Brief |
Starting from the line with "Next, we visualize" and going up to and including the line with "Pelele tejido a", copy the listing below exactly. Leave all images out.
───── Excerpted records ─────
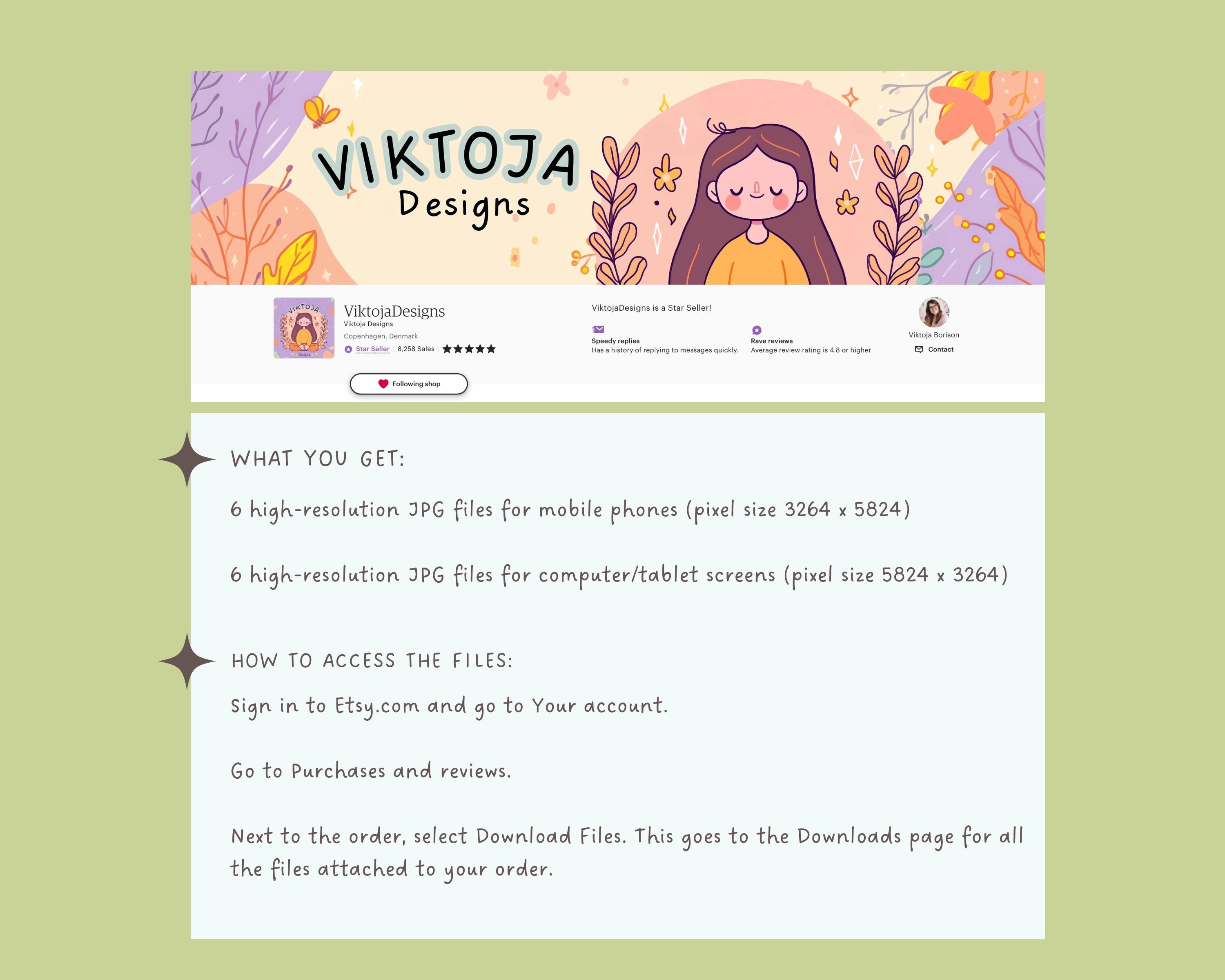 After purchase, you'll receive a PDF file with a link to download your wallpapers.
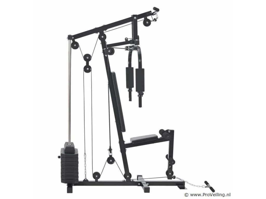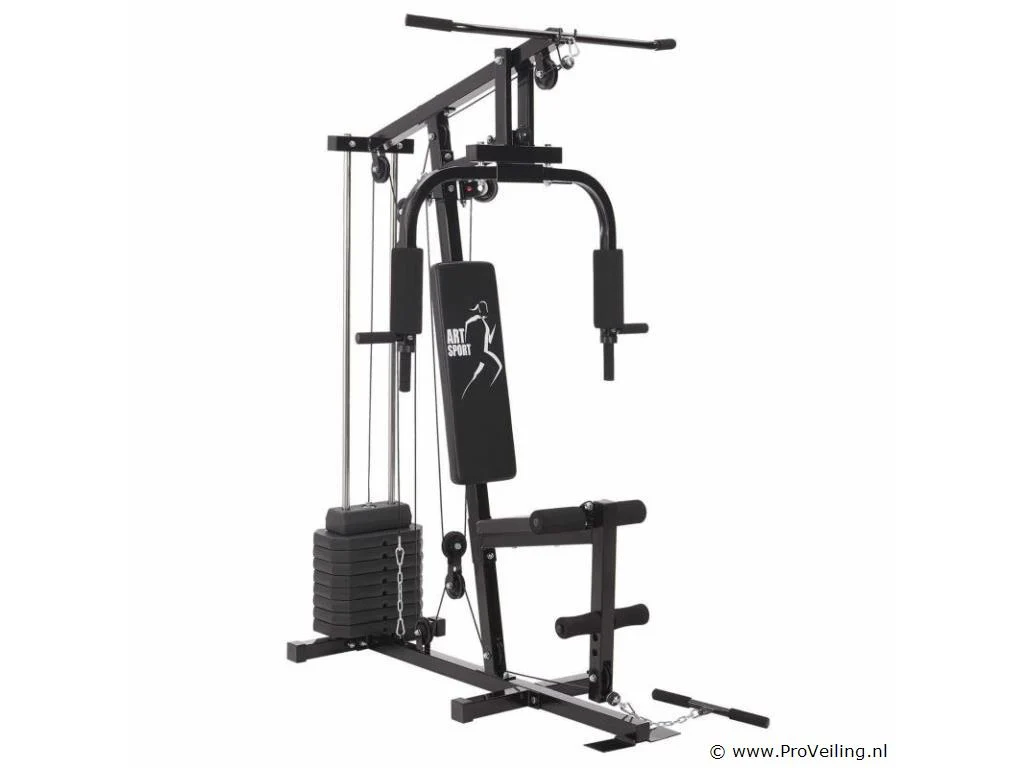 Uw persoonlijke fitnessstudio voor thuis: het ArtSport krachtstation ProfiGym 2000. Met dit krachtstation traint u effectief uw hele lichaam - ideaal voor uw intensieve thuistraining. De doordachte hometrainer is extreem ruimtebesparend en combineert meerdere sporttoestellen in één. Vervolg uw trainingsplan binnen uw eigen vier muren: bevorder spierdefinitie door gevarieerde fitnessoefeningen voor het boven- en onderlichaam. Pas de intensiteit eenvoudig aan naarmate je vordert met behulp van de halterschijven. Het trainingsstation is daarom ideaal voor dames en heren. Technische specificaties: Materiaal krachtstation: staal Materiaal zit- en rugkussens: PE-schuim, PVC-leer De kleur zwart Plaatgewicht: 8 × 4,5 kg Gewicht bovenplaat: 1 × 4,3 kg Totaal halterschijven: 40,3 kg Afmetingen (ongeveer): Totale afmetingen: 135 × 103 × 201 cm Leveringsomvang: 1 x krachtstation van ArtSport 1 x vlinderstang 1 x lat pulldown stang 1 x biceps katrol 9 x halterschijven 1 × Instructie
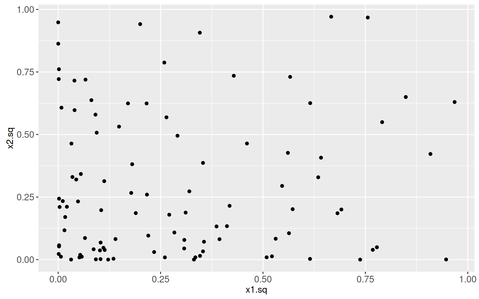 Next, we visualize the labels in the two-dimensional squared feature space. It is clear that the decision boundary is linear in this space.
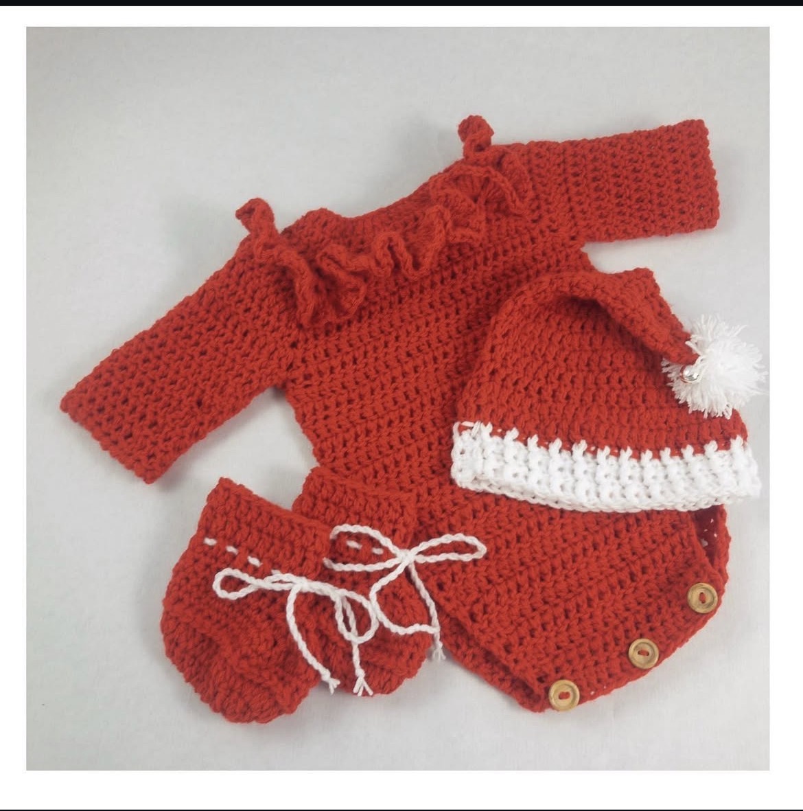 Pelele tejido a mano con delicados volantes, suave, cómodo y perfecto para las primeras puestas.
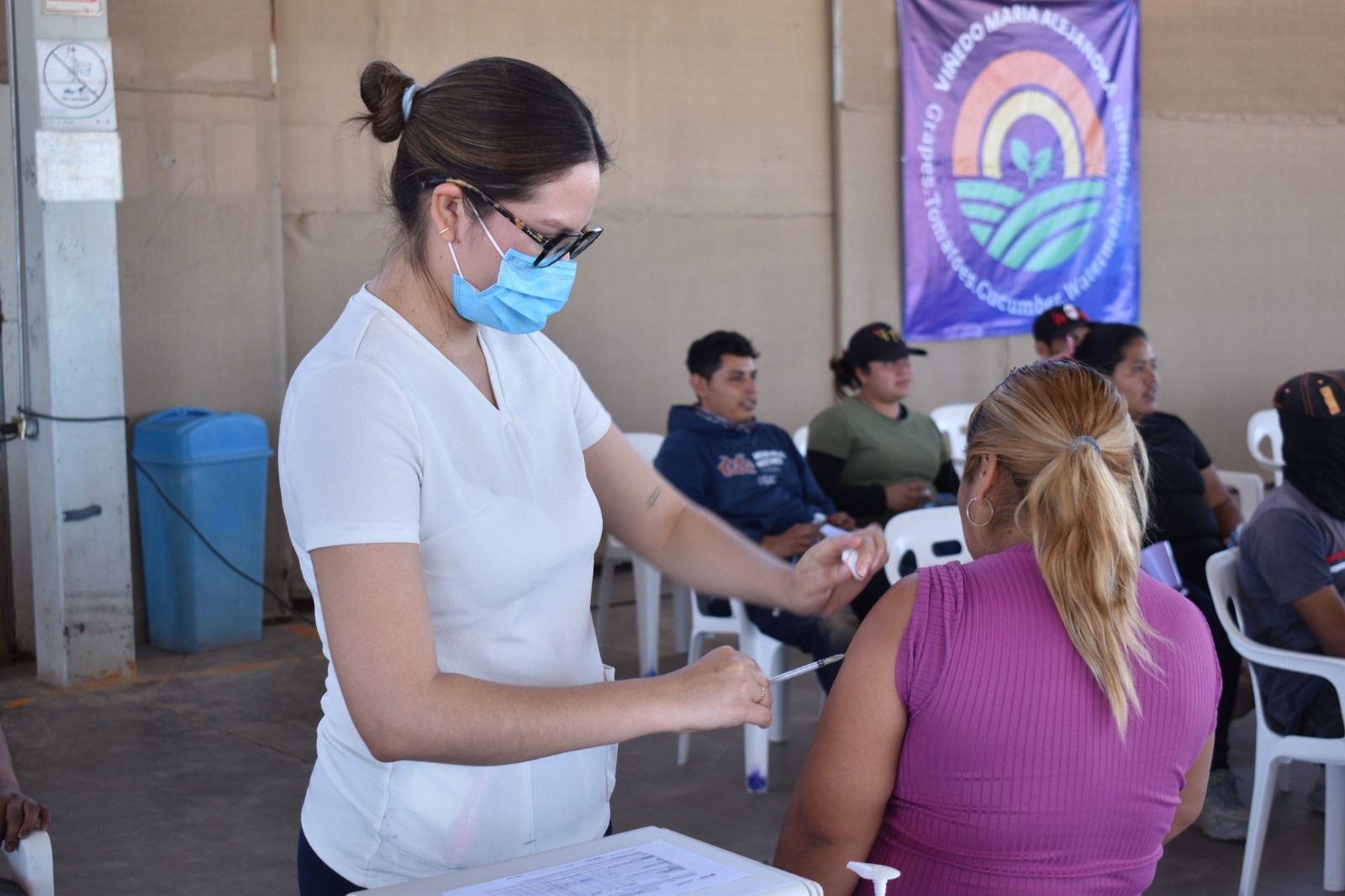 Estas acciones se realizan en coordinación con el sector Salud, mediante brigadas que recorren los distintos campos agrícolas del estado para aplicar el inoculante a las y los jornaleros que arriban durante la temporada de cosechas.
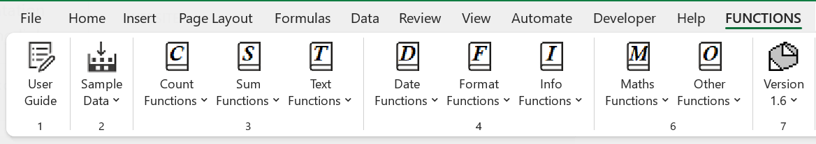 An additional tab called "FUNCTIONS" will appear at the end of your ribbon.
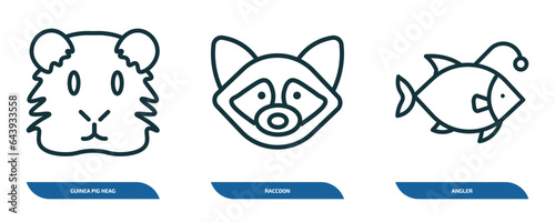 set of 3 linear icons from animals concept. outline icons such as guinea pig heag, raccoon, angler vector
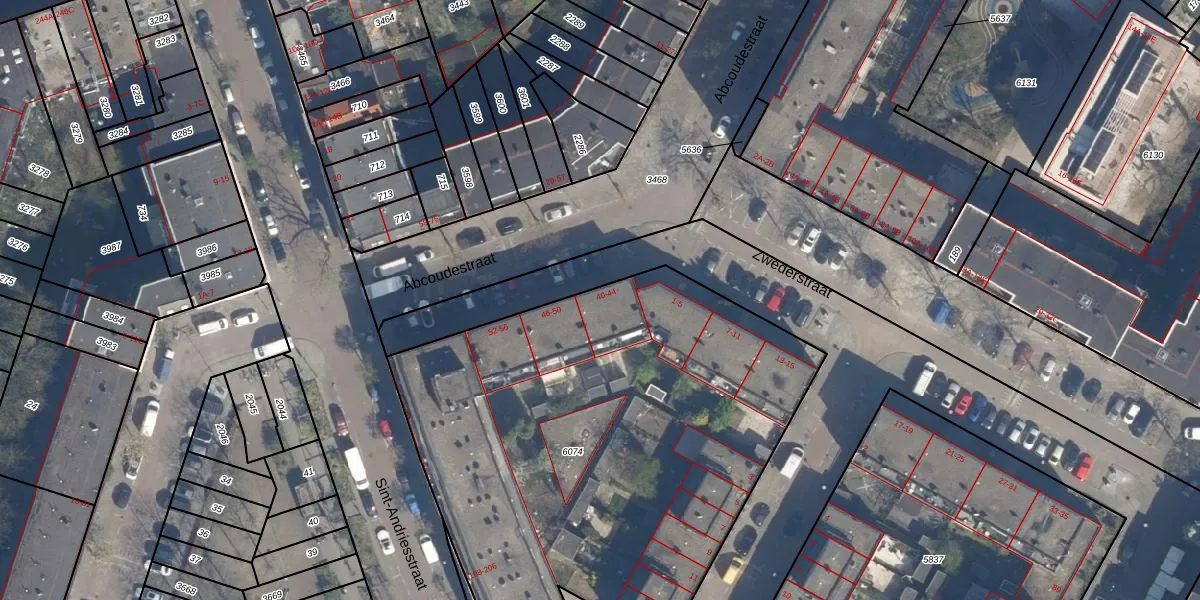 Abcoudestraat 42 is gelegen op kadastraal perceel CLS00G6074. Deze kadastrale aanduiding is uniek en wordt gebruikt door het Kadaster om eigendomsrechten en andere zakelijke rechten vast te leggen. Het perceel maakt onderdeel uit van de kadastrale gemeente Charlois.
─────
Response |
 Next, we visualize the labels in the two-dimensional squared feature space. It is clear that the decision boundary is linear in this space.
 Pelele tejido a mano con delicados volantes, suave, cómodo y perfecto para las primeras puestas.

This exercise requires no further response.